Web3 Overview Roadmap

Origins of the Internet

In 1965, two separate computers in different places 'talked' to each other for the first time.

President Eisenhower formed the Advanced Research Projects Agency (ARPA) in 1958, with one of the remit's being to test the feasibility of a large-scale computer network. In 1965, two separate computers in different places 'talked' to each other for the first time.

The experimental link used a telephone line with an acoustically coupled modem, and transferred digital data using packets, forming the basis for the first packet-switching network and the formation of ARAPNET. From this genesis point, two computer scientists (Bob Kahn and Vint Cerf) developed TCP/IP, the set of protocols that governs how data moves through a network. This helped the ARPANET evolve into the internet we use today, becoming a global interconnected network of networks, or Internet.

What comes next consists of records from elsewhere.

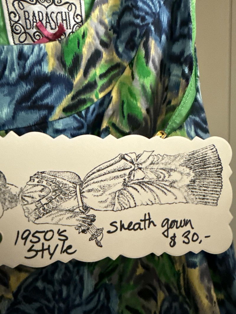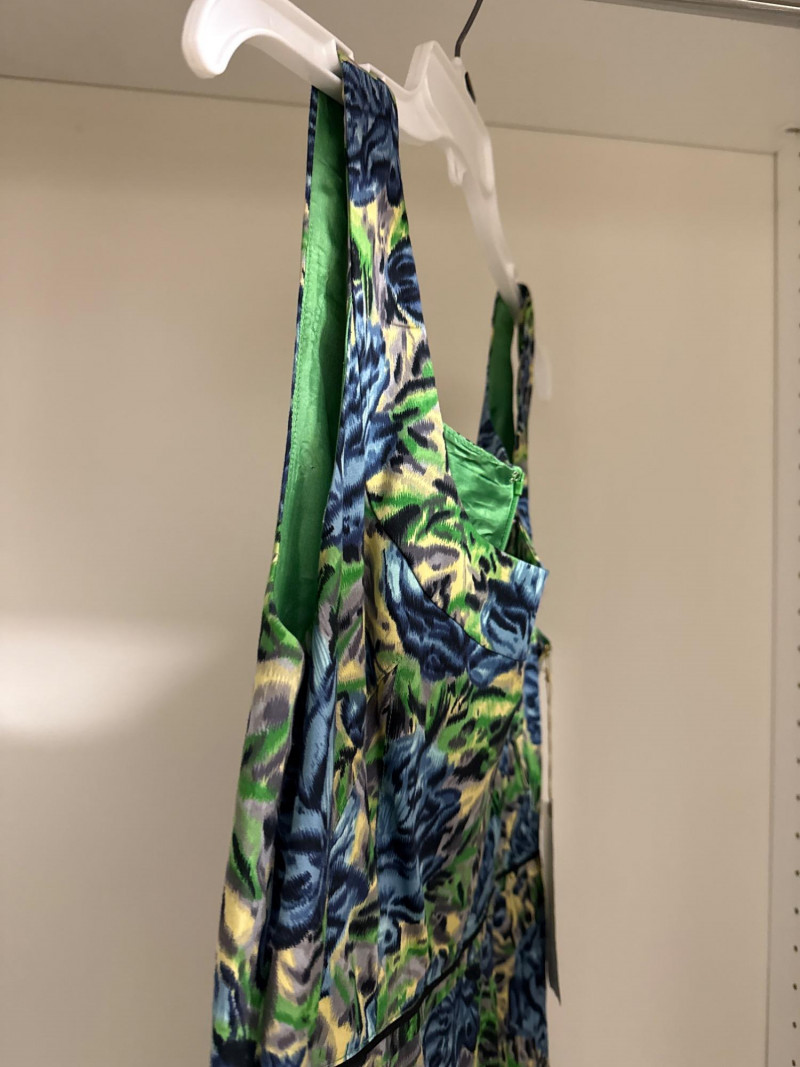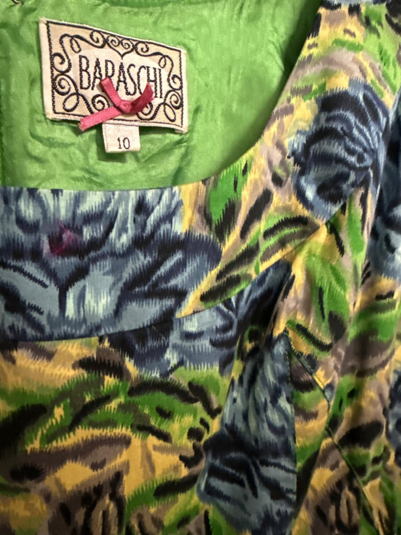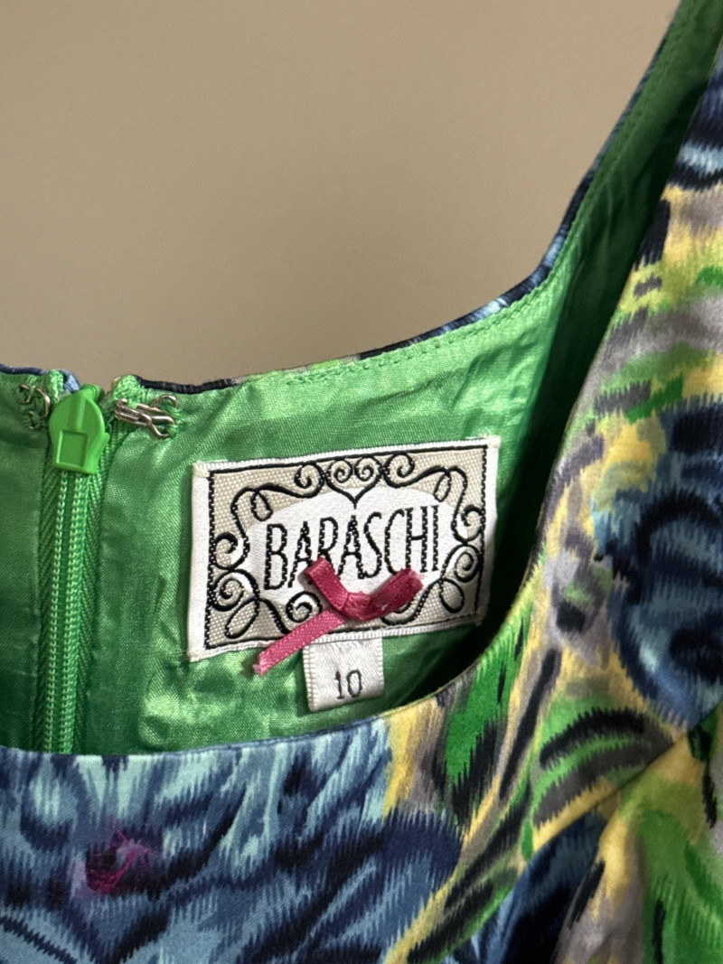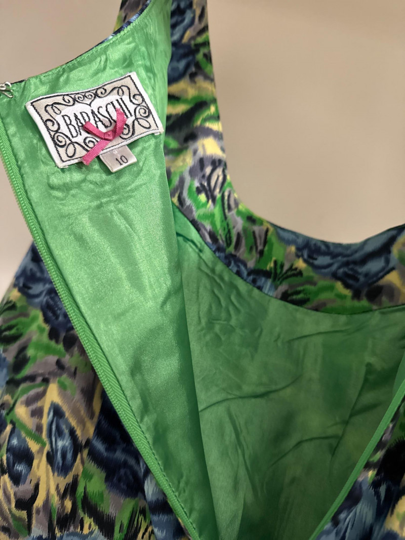 dress is a vibrant green and blue printed sheath gown by Baraschi, designed in
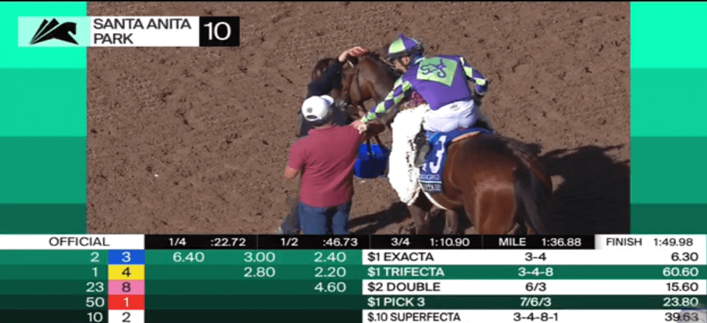 The program had the winner today with its first selection of #3 Stronghold in the $750K G1 Santa Anita Derby. Stronghold had a total win probability of 38.87%, translating to theoretical odds of 8-5. The horse went off a 2-1. In a thrilling finish, Stronghold beat the favorite, Baffert trained #4 Imagination at 1-1, by a nose, who was the third selection with theoretical odds of 5-1.
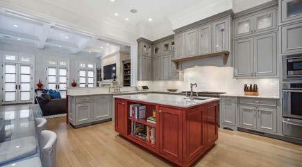 Top A perfect balance of customized function and aesthetics comes together in this complete remodel of a macaroon baker’s dream kitchen. Right SCD transformed this unused dining room into a moody cocktail lounge, featuring a custom-designed wet bar with space for glassware and liquor. Far right Clean-lined furniture was selected to transform a sitting room into an ideal reading room.
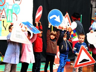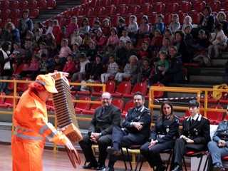 A dan manforte per spiegare ciò che dicono i tutori dell'ordine, gli animatori Paco e Celestina, che hanno messo in scena, coinvolgendo i piccoli invitati (stamane toccava ai bimbi dell'Asilo), alcuni spettacolini con segnali stradali e giochi di traffico stradale. Domani toccherà ai bambini delle Elementari.
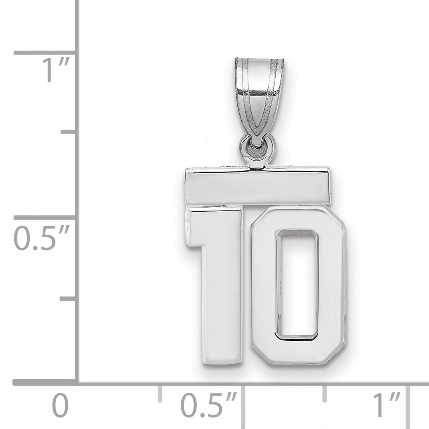 Small Polished Number 10 Charm Pendant in Real 14k White Gold
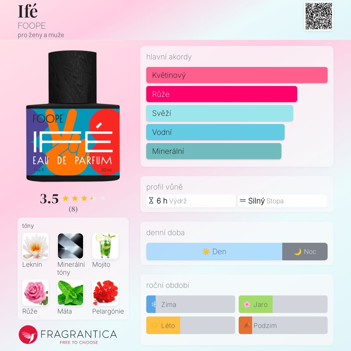 Ifé podle FOOPE je Citrus vůně pro ženy a muže. Ifé byl/a uveden/a v roce 2022. "Nosem" za touto vůní je Romain Keller. Vrchní tóny jsou Minerální tóny, Máta, Bergamot a Koření; střední tóny jsouLeknín, Mojito, Růže, Damašská růže a Pelargónie ; základní tóny jsou Cedr, Jantar (ambra) a Pižmo.
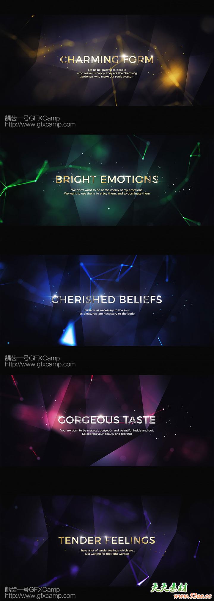 文字可以随意修改,包含几种预设好的颜色效果,包含插件版本工程(Plexus, Trapcode Particular, Trapcode Mir)和无需插件版本的工程可以使用
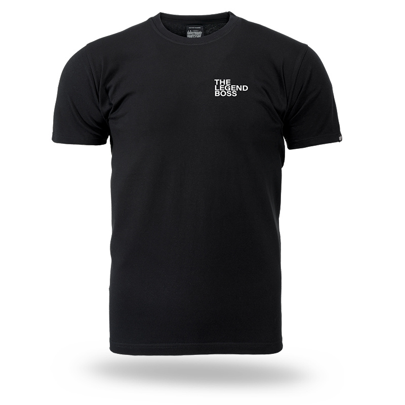 A small “THE LEGEND BOSS” inscription on the chest and a large graphic on the back featuring an open dog’s mouth with the phrase “THE LEGEND BOSS” in contrasting color. The product is made of high-quality cotton for comfortable wear.
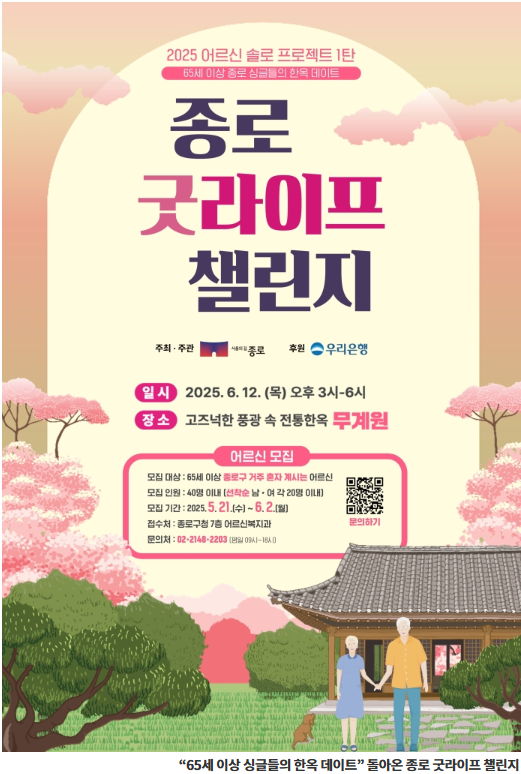 종로구(구청장 정문헌)가 홀로 사는 어르신들의 사회적 고립을 해소하고 새로운 인연을 응원하는 특별한 만남의 자리를 마련한다. 구는 오는 6월 12일 전통문화공간 무계원(창의문로5가길 2)에서 「2025 어르신 솔로 프로젝트 1탄: 종로 굿라이프 챌린지」를 개최한다고 밝혔다.
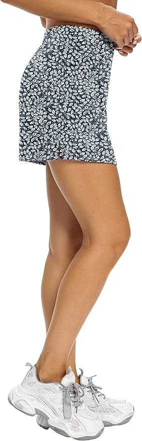 • WIDE ELASTIC WAIST: The activewear skorts with compression-fit shorts inside is elastic and comfortable to wear, which can tummy control mildly and stay in place, not roll down when you do sport. Flat, high-rise waistband creates a snug fit, provides a nice natural fit with plenty of coverage while bending and stretching.
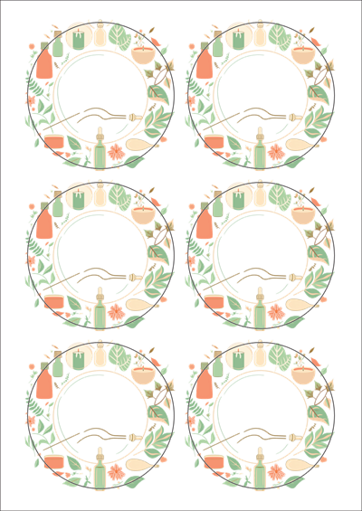 디자인된 A4 라벨지 출력용 라벨스티커, 규격코드: 506, 디자인코드: DA1407(아로마 프레임), Φ85 (mm) 원형
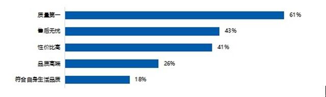 在中产阶级对高端家电产品的认知中,58%的中产阶级认为科技是高端家电产品首要特征,一款高端产品应该承载最新的技术,中国家电产品更新换代基本都是从技术层面出发的,新技术也决定了家电产品的内在价值。大多数中产阶级同样认为,优秀的品牌、设计、外观和售后同样是高端家电产品应具备的特征。

An increase in the amount of computers on the network made it difficult to keep track of all the different IP addresses. This problem was solved by the introduction of the Domain Name System (DNS) in 1983. DNS is the internet's equivalent of a phone book, and converts hard-to-remember IP addresses into simple names and it was one of the innovations that paved the way for the World Wide Web.

Did you know?

The internet started off as an intranet used by the US military.

Question 1/2:

What technological development brought in governance on how data moves through a network?

The Televised Book, Or the Real Web 1.0

Paul Otlet conceived of a system for requesting and retrieving massive amounts of information. Calling it a 'radiated library'.